The “Intelligent Cloud” segment that includes Azure rose to $12.28 billion in sales from $9.65 billion a year ago, beating the average analyst prediction of $11.79 billion.
“Productivity & Business Solutions,” which comprises mostly of the cloud software assets, including LinkedIn, grew to $11.74 billion from $11.52 billion a year ago, beating analyst predictions of $11.53 billion.
The most important nugget awaiting the masses was forward guidance.
Microsoft expects continued demand across Windows OEMs, Surface and Gaming to shift to remote work play and learn from home.
The outlook assumes this benefit remains through much of Q4, though growth rates may be impacted as stay-at-home guidelines ease.
Reduced advertising spend levels will impact search and LinkedIn and the commercial business.
A robust position in durable growth markets means Microsoft expect consistent execution on a large annuity base with continued usage and consumption growth.
LinkedIn will suffer from the weak job market and increased volatility in new, longer lead-time-deal closures.
A sign of strength and a pristine balance sheet was when Microsoft signaled that they could absorb higher costs by saying, “a material sequential increase” in capital-expenditure spending in the current quarter will “support growing usage and demand for our cloud services.”
Even best tech companies have mostly been trimming capex and freezing hiring in anticipation of weaker revenue targets.
I knew when Google announced 13% annual sales growth and Facebook saying that ad revenue “stabilized” meant that Microsoft would only do better.
The tech market had priced Microsoft doing quite positively which is why shares did not rocket by 8%.
Microsoft is not a one-trick pony like Google and Facebook either and simply doesn’t need a potential vaccine to boost sales moving forward.
They preside over a vast empire of diversified assets with even a growth lever in streaming platform YouTube.
Even if LinkedIn and the hiring that fuels it will suffer, the rest of its portfolio will keep churning out revenue in literally any type of economic environment.
Lastly, the tech market has been utterly cornered by policymakers who, according to the IMF, have thrown $14 billion of liquidity with a chunk of that following through into big tech shares.
The level of propping up from the Fed cannot be understated and their behavior feels as if there is no way anyone could ever be underweight Microsoft because of the Fed’s unlimited balance sheet.
On top of that, we are getting a steady stream of positive health reports in the form of antiviral medication Remdesivir and who knows when the next positive announcement will come.

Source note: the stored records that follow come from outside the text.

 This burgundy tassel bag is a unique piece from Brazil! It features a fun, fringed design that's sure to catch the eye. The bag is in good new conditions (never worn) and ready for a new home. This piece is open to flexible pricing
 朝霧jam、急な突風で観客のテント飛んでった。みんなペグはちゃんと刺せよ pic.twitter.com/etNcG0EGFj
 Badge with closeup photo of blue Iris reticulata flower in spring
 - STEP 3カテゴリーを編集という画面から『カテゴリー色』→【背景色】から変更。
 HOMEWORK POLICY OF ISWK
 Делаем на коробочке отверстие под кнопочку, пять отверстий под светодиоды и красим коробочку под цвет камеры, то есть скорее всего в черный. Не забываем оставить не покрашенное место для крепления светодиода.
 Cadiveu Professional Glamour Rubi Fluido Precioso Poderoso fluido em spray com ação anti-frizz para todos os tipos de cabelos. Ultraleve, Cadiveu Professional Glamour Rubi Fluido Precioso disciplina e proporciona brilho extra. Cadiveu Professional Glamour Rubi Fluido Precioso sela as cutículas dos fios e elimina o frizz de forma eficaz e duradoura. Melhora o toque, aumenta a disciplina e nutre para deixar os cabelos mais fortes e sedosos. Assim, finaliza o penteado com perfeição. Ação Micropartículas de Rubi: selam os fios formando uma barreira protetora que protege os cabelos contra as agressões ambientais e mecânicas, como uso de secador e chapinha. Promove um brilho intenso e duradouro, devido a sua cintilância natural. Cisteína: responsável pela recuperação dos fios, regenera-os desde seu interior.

To cap it off -they are led by the best CEO in the U.S. Satya Nadella, who is an expert on the cloud, and this company has to either be the best or second-best company in the country along with Amazon.
“Culture eats strategy for breakfast.” – Said CEO of Microsoft Satya Nadella
When John identifies a strategic exit point, he will send you an alert with specific trade information as to what security to sell, when to sell it, and at what price. Most often, it will be to TAKE PROFITS, but, on rare occasions, it will be to exercise a STOP LOSS at a predetermined price to adhere to strict risk management discipline. Read more
While the Diary of a Mad Hedge Fund Trader focuses on investment over a one week to a six-month time frame, Mad Day Trader, provided by Bill Davis, will exploit money-making opportunities over a brief ten minute to three-day window. It is ideally suited for day traders, but can also be used by long-term investors to improve market timing for entry and exit points. Read more
Global Market Comments
May 1, 2020
Fiat Lux
Featured Trade:
(A NOTE ON ASSIGNED OPTIONS OR OPTIONS CALLED AWAY)

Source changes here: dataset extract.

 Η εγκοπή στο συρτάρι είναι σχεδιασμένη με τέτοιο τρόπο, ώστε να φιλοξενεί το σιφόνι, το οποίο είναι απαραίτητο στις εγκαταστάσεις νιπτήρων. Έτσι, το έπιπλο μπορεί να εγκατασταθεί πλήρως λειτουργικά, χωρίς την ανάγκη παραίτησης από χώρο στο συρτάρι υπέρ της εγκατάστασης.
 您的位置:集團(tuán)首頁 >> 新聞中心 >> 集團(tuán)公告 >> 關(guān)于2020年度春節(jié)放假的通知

(TRADING THE NEXT KOREAN WAR)
With the May 15 options expiration only ten trading days away, there is a heightened probability that your short options position gets called away.
We have the good fortune of having a large number of deep in-the-money call and put options spreads about to expire at their maximum profit points, five to be precise.
If that happens, there is only one thing to do: fall down on your knees and thank your lucky stars. You have just made the maximum possible profit for your position with less risk. You just won the lottery, literally.
Most of you have short option positions, although you may not realize it. For when you buy an in-the-money put option spread, it contains two elements: a long put and a short put. The long put you own, but the short put can get assigned, or called away at any time and delivered to its rightful owner.
You have to be careful here because the inexperienced can blow their newfound windfall if they take the wrong action, so here’s how to handle it.
All you have to do was call your broker and instruct him to exercise your long position in your May puts to close out your short position in the May puts.
Puts are a right to sell shares at a fixed price before a fixed date, and one option contract is exercisable into 100 shares.
Sounds like a good trade to me.
Weird stuff like this happens in the run-up to options expirations.
A put owner may need to sell a long stock position right at the close, and exercising his long Put is the only way to execute it.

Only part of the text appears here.